• _How to complete this task_
Write the entries out exactly. Any images they hold stay out of the copy.

########

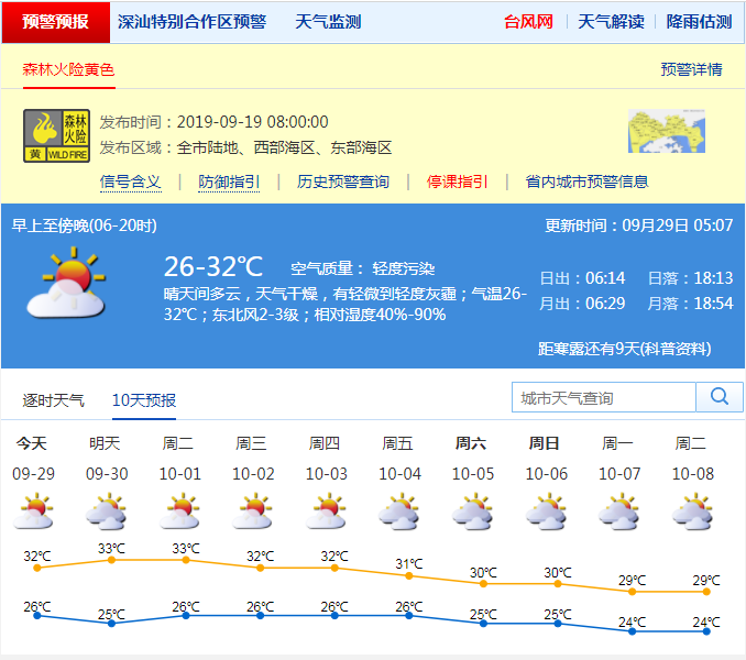 見圳客戶端·深圳新聞網2019年9月29日訊 今天9月29日深圳晴天間多云,天氣干燥,有輕微到輕度灰霾,氣溫26-32℃;東北風2-3級;相對濕度40%-90%。森林火險預警生效中,請繼續(xù)做好防火安全宣傳和管理工作。
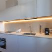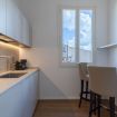 Dal salotto, sullo stesso piano, si accede a una cucina completamente attrezzata, comprensiva di un forno a microonde incassato, un piccolo frigorifero con congelatore a cella, una lavastoviglie e un piano cottura ad induzione. Il servito di piatti, posate e bicchieri è completo per 4 persone.
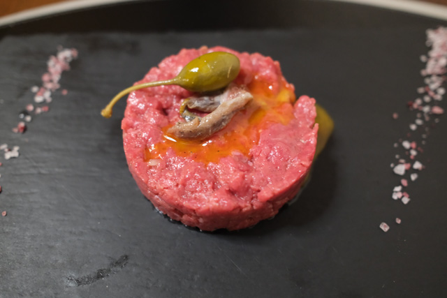 Tartare, anchovies, capers, Tropea’s red onion and egg yolk
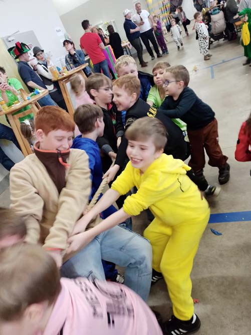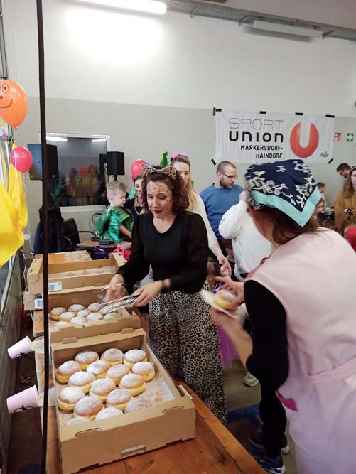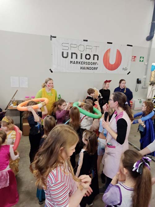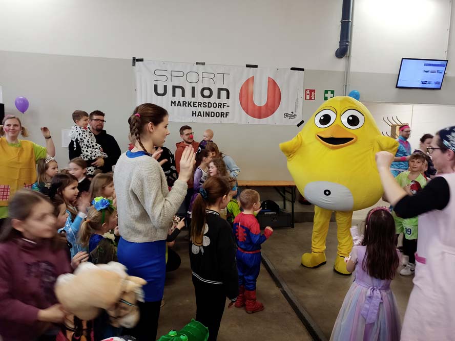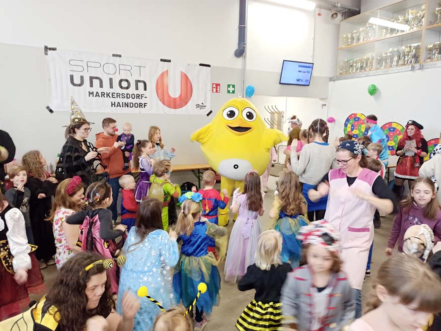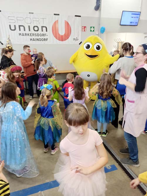 Angefangen von der Polonaise, über die Luftballonschlacht bis hin zum Limbo-Dance war alles dabei. Auch ein Stationenbetrieb mit abwechslungsreichen Aufgaben ließ für Langeweile keinen Platz. Dazu gab es Musik, Tanz, den obligatorischen Auftritt von UGOTSCHI, dem Sportunion-Maskottchen, sowie Gratis-Faschingskrapfen und Schwedenbomben.
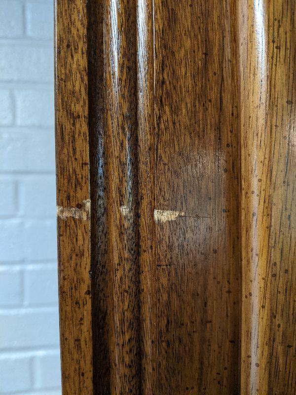 This is a nice piece and matches the buffet we have. There is one nic in it and there is a picture showing the damage.
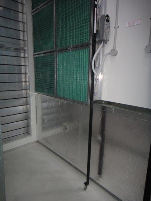 Along the eastern façade a new 4 m tall cool room “sandwich” panel outside air / return, air mixing plenum was created from floor to ceiling. The use of the cool room panel offered a number of benefits in that it is durable, is lightweight, provides a very neat neutral white finished product and most importantly provided very minimal mess and debris during within the operational equipment room. With most panels being cut to size in the factory and delivered to site ready to install, only minor site cutting was required for final positioning of grilles. The styrene beads were much easier to control and clean up rather than conventional products such as gyprock. Whilst this product provided thermal insulation the internal walls of the plenum were lined with acoustic insulation to reduce the noise generated by the operating plant. In addition to the acoustic benefits this insulation also provides cover to “hide” the myriad of conduits and cables required to operate the plant which were all run within the plenum where possible.
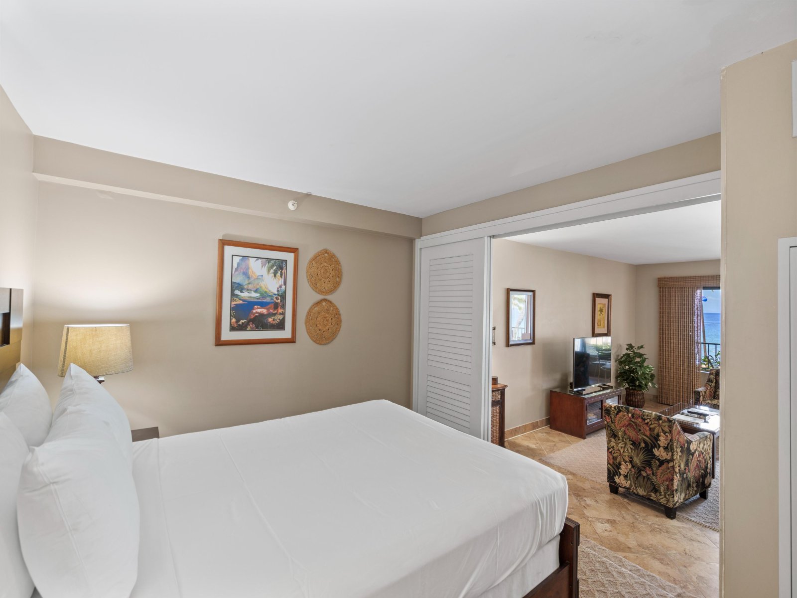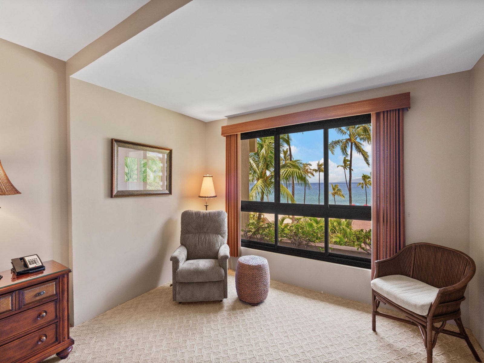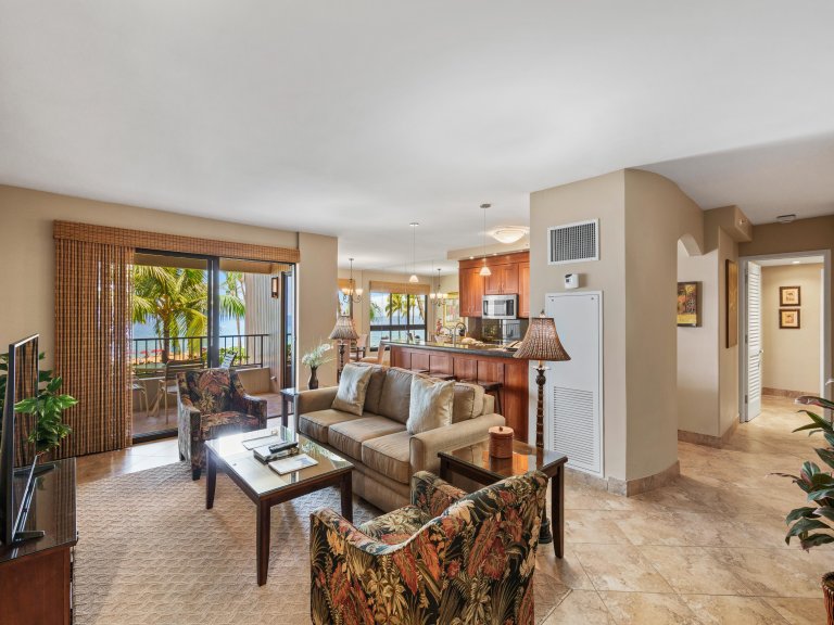 Residence 442 is a beautifully appointed ocean-view home located within the exclusive Kaʻanapali Alii Resort. This one-bedroom residence includes a fully enclosed den that functions comfortably as a second bedroom, creating an ideal layout for couples, families, or small groups seeking refined beachfront living. From the private lanai and expansive windows, guests enjoy sparkling views of the Pacific Ocean, framed by swaying palms and the white-sand shoreline.Natural light fills the interiors, enhancing the warm and inviting atmosphere throughout. Eye-level ocean views and a thoughtfully designed layout allow guests to fully immerse themselves in the beauty of Kaʻanapali Beach from the comfort of their residence.

########

• _Response below_
 見圳客戶端·深圳新聞網2019年9月29日訊 今天9月29日深圳晴天間多云,天氣干燥,有輕微到輕度灰霾,氣溫26-32℃;東北風2-3級;相對濕度40%-90%。森林火險預警生效中,請繼續(xù)做好防火安全宣傳和管理工作。
 Dal salotto, sullo stesso piano, si accede a una cucina completamente attrezzata, comprensiva di un forno a microonde incassato, un piccolo frigorifero con congelatore a cella, una lavastoviglie e un piano cottura ad induzione. Il servito di piatti, posate e bicchieri è completo per 4 persone.
 Tartare, anchovies, capers, Tropea’s red onion and egg yolk
 Angefangen von der Polonaise, über die Luftballonschlacht bis hin zum Limbo-Dance war alles dabei. Auch ein Stationenbetrieb mit abwechslungsreichen Aufgaben ließ für Langeweile keinen Platz. Dazu gab es Musik, Tanz, den obligatorischen Auftritt von UGOTSCHI, dem Sportunion-Maskottchen, sowie Gratis-Faschingskrapfen und Schwedenbomben.
 This is a nice piece and matches the buffet we have. There is one nic in it and there is a picture showing the damage.
 Along the eastern façade a new 4 m tall cool room “sandwich” panel outside air / return, air mixing plenum was created from floor to ceiling. The use of the cool room panel offered a number of benefits in that it is durable, is lightweight, provides a very neat neutral white finished product and most importantly provided very minimal mess and debris during within the operational equipment room. With most panels being cut to size in the factory and delivered to site ready to install, only minor site cutting was required for final positioning of grilles. The styrene beads were much easier to control and clean up rather than conventional products such as gyprock. Whilst this product provided thermal insulation the internal walls of the plenum were lined with acoustic insulation to reduce the noise generated by the operating plant. In addition to the acoustic benefits this insulation also provides cover to “hide” the myriad of conduits and cables required to operate the plant which were all run within the plenum where possible.
 Residence 442 is a beautifully appointed ocean-view home located within the exclusive Kaʻanapali Alii Resort. This one-bedroom residence includes a fully enclosed den that functions comfortably as a second bedroom, creating an ideal layout for couples, families, or small groups seeking refined beachfront living. From the private lanai and expansive windows, guests enjoy sparkling views of the Pacific Ocean, framed by swaying palms and the white-sand shoreline.Natural light fills the interiors, enhancing the warm and inviting atmosphere throughout. Eye-level ocean views and a thoughtfully designed layout allow guests to fully immerse themselves in the beauty of Kaʻanapali Beach from the comfort of their residence.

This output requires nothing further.